It's actually already been amortized.
Okay, I see. And is that a cash item or accounting GAAP?
It's cash.
Cash, okay. And lastly, can you comment a little bit on the low wafer price? And what does it mean to your wafer price in the coming quarters?
Well, we are seeing a low wafer price increase on 8-inch particularly from the last year to this first half of this year in the double-digit range significantly. So we start pass -- discussing with the customers about passing through those cost increase to the customer and that happened in last quarter and we will continue this practice. And so we do see that or recover some of our 8-inch ASP, but not going to be a significant way, yes.
Okay. One more, if I may. So I think your competitor, TSMC, talked about 28-nanometer utilization could decline again in 2019 before you ramp up in 2020. And they hope to fulfill their 28-nanometer fab with those AI, those new applications. So what would be your kind of mid- to long-term outlook for 28-nanometer business? What will be the new growth drivers for this business line?
Well, we -- the -- we do see some transitional product applications and the -- we see AIoT, we see the high voltage. We see those applications will continue going in -- coming into the 28. But that's more of the product trend. For UMC specifics, we are facing multiple ways to involving technology on the 28 high-k, which -- that puts UMC more in a recovery mode right now. And so once we start getting ready, from a technology standpoint, and we will start seeing new customer base in this area more fragments more than volume. So we're coming from those applications, but those customers will be more fragmented and more volume. And our current issue, the near-term issue is more of a technology readiness as -- when this continues evolving technology in the 28 high-k.
And the next one is from Sebastian Hou from CLSA.
My first question is on the -- you have a very nice rebound, or growth, of the 40 nanometer and 28 in second quarter. Can you give us some colors on what type of applications is that?
Well, currently, we still concentrate in the communication area. So the baseband, RF, those areas are still our main drivers for 28, yes.
How about 14?
14 is actually with a very limited capacity as well as the customer base. I'd rather not comment on the 14.
Okay. So can we assume that your 14, the application has been pretty much the same since the beginning?
Yes, yes.
Okay, got it.
[indiscernible].
All right. Well -- but that's good enough. So how about the outlook into third quarter? I remember, Jason, you mentioned it will be flat in -- for the quarter, but how about into the first quarter and next year? Are you confident in further grow -- to further grow this product revenue?

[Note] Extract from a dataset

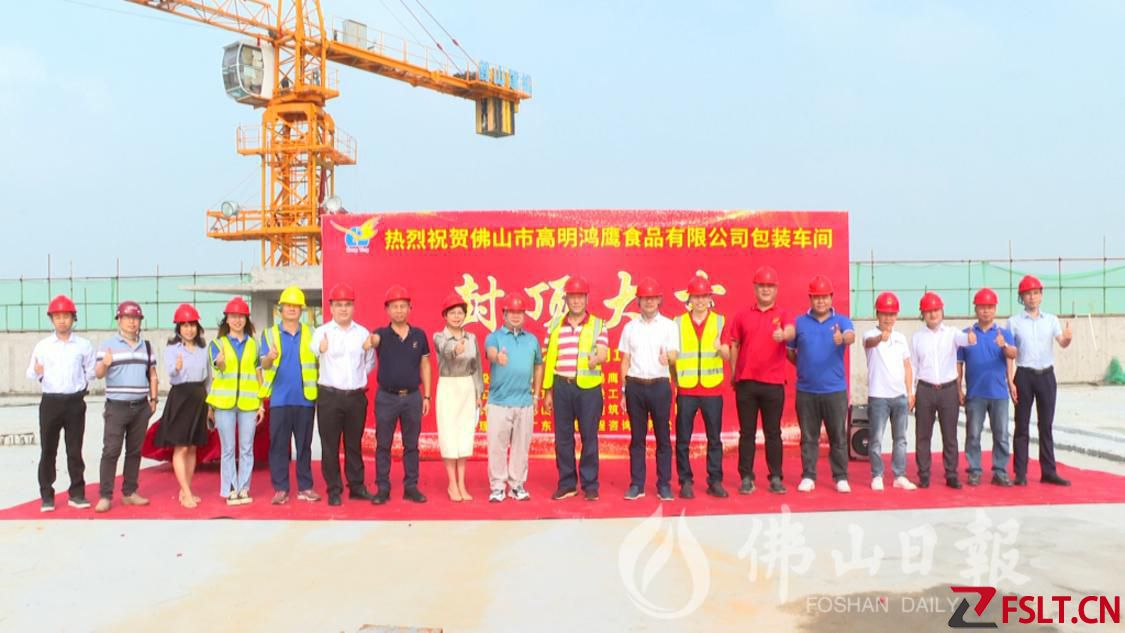 2022年佛山市重點項目之一的高明鴻鷹食品有限公司的增資擴產(chǎn)項目舉行封頂儀式。 部門供圖

Well, I mean, if you look at 28 product mix situation, I think there will be a continued product migration path going. So we are expecting other application coming into 28, but we also expecting, on the product, we're migrating out of 28. So we'll continue going through that process until our 22 get ready, most likely will be in the time frame of 2019, yes. So I think we'll continue seeing the product application mix change throughout this time, yes.
Okay. So which means that it's fair to assume your 28 nanometers, although there is a nice rebound in second quarter, but will probably remain at this level for the next few quarters?

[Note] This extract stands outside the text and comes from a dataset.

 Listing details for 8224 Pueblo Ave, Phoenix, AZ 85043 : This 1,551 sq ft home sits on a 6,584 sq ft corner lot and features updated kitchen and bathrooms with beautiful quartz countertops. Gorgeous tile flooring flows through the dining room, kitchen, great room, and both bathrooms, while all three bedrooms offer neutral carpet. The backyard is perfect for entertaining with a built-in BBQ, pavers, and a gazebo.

Well, that will be our goal to maintain, but it's also subject to the outlook, right? I mean, whether it's on the market or the early transition of product. So that could change. But as I said, we probably have to go through this whole process quarter-by-quarter, yes.
Okay. Second question is your gross margin in second quarter improved about 5 percentage point, but you -- when I look at your process node mix, 40 nanometers above nodes, U.S. dollars revenue down about 3%; while your 28, 14 revenue, up 30% quarter-on-quarter. But if I understand correctly, those nodes should carry lower margin than the mature nodes, but your margin improved from 5 percentage point. Can you explain a little bit that? Is it because of the overall structure margin improving on those nodes? Or any other particular reason?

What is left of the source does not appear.